The women spend long, hard working days, ploughing the soil, feeding livestock, milking cows, planting trees, even rat-catching. Significantly, the more traditional domestic work was designated as off-limits, demanding that the Land Girls be assigned to male-oriented tasks. The movie shows how under harsh and intense conditions a unique camaraderie developed among the women, one that strengthened them both individually and collectively.
As writer and director, Leland is obviously attracted to strong, eccentric women, as was evident in his debut, Wish You Were Here, which displayed a knockout performance by Emily Lloyd as a sexually outrageous adolescent, and its sequel, Personal Services (which Leland wrote but didn’t helm), a chronicle of the notorious madame, Cynthia Payne. Lacking the former pic’s rough edge and the latter’s bittersweet tone, Land Girls is more silky and sappy, structured as an old-fashioned meller that occasionally feels like Masterpiece Theater, not so much in its visuals as in its soothing sensibility.
At the same time, Leland doesn’t repeat the error that Bruce Beresford committed in Paradise Road, which was also set in WWII and paid homage to female prisoners in Japanese camps. That film had too many characters (though each was a type) and Beresford couldn’t find the emotional core of the story. Instead, Leland concentrates on three women, endowing each one of them with a distinctive personality–and a set of problems to handle.
Though nicely adapted to the screen, Land Girls still feels like a compressed novel, with the requisite twists and turns of a richly dense story. Indeed, each woman gets to experience sexual initiation, love, marriage, tragedy–and by war’s end, an altered destiny. Nontheless, the film’s more general and relevant themes, love versus duty, the power of friendship and, above all, the role of WLA in providing newfound freedom for women living in conservative era, don’t get lost in the maze.
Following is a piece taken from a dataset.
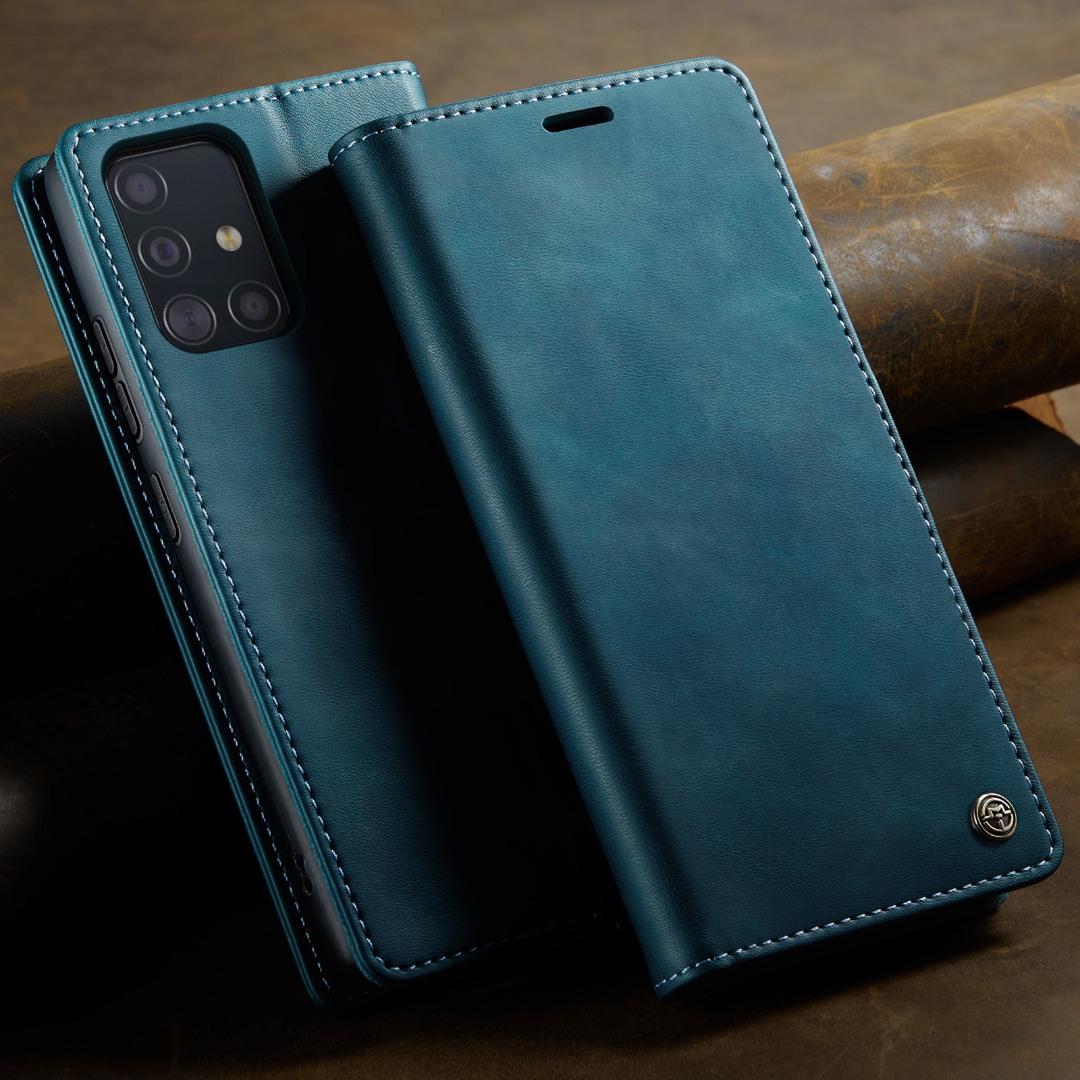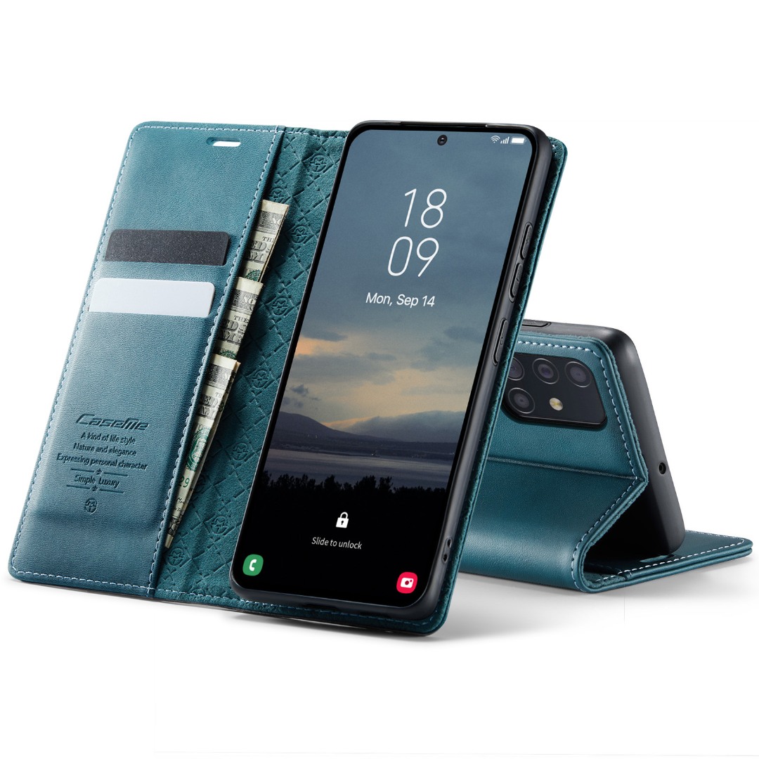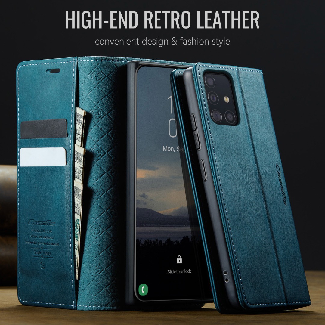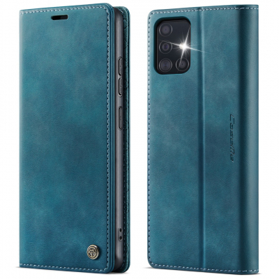 Husa pentru Samsung Galaxy A51 - Slim tip portofel, cu stand si inchidere magnetica – textura neteda, aderenta sigura, usor de curatat, design curat si minimalist, CaseMe, Teal - Albastru verzui
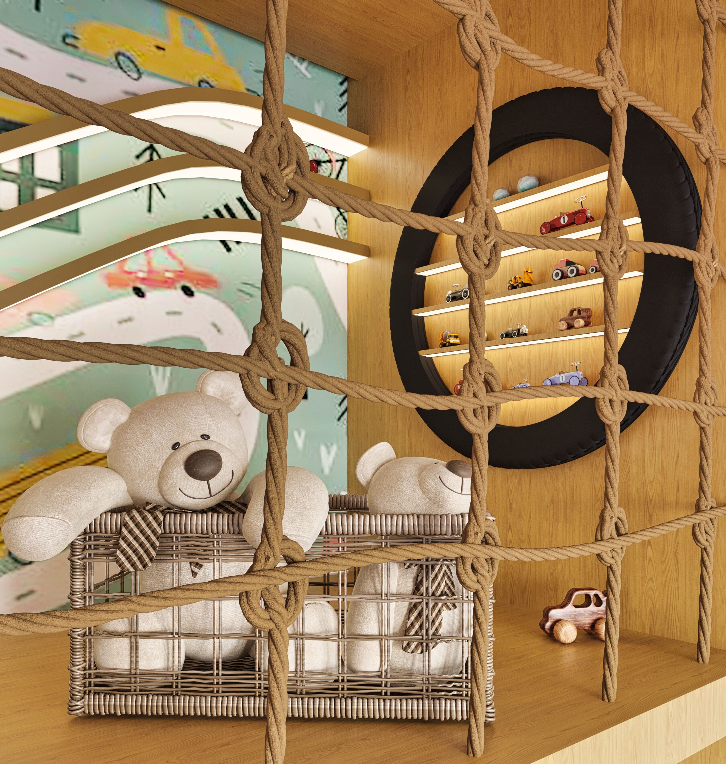 Description: “ImagiCars Loft” is an imaginative and secure interior design project for children’s rooms. It showcases a two-level bed with an upper play area, mini-cars, and safety guardrails. The design incorporates climbing panels, a Swedish ladder, and an art station to encourage physical activity and creative development. A squishy-shaped floor mat ensures a safe and playful playtime experience. “ImagiCars Loft” offers a captivating space where children can explore their imagination and have endless fun.

Land Girls illustrates beautifully how civilians were affected by the War, specifically, the impact of big events on “small” and ordinary lives, and the meaning of falling for the right guy at the wrong time. Pic’s second part centers on the genuine love that develops between Stella and Joe, after he’s denied service due to health problems. Stella leaves, presumably for a short time, to visit her wounded fiance and tell him of her change of heart. Joe waits impatiently for her return at the train station, but Stella never comes back. Their next meeting is depicted in a brief epilogue, when Stella and her comrades are reunited years after the war.
Leland has assembled a large, attractive cast to populate his sprawling saga. McCormack, Weisz and Friel fit so seamlessly into their parts that they form a beautiful ensemble to behold, with their acting at once disciplined and exuberant. Mackintosh, who played the transsexual in Different for Girls, is virtually unrecognizable here, admirably holding his own against the female-dominated cast.
Production values are superlative across the board, especially Henry Braham’s widescreen location lensing (pic was shot in West England), which provides visual pleasure. Other outstanding contributions include Nick Moore’s smooth editing, Caroline Amies’ evocative production design, Shuna Harwood’s unerringly accurate costumes, and Brian Lock’s amiably mellow score, which is complemented by some period tunes.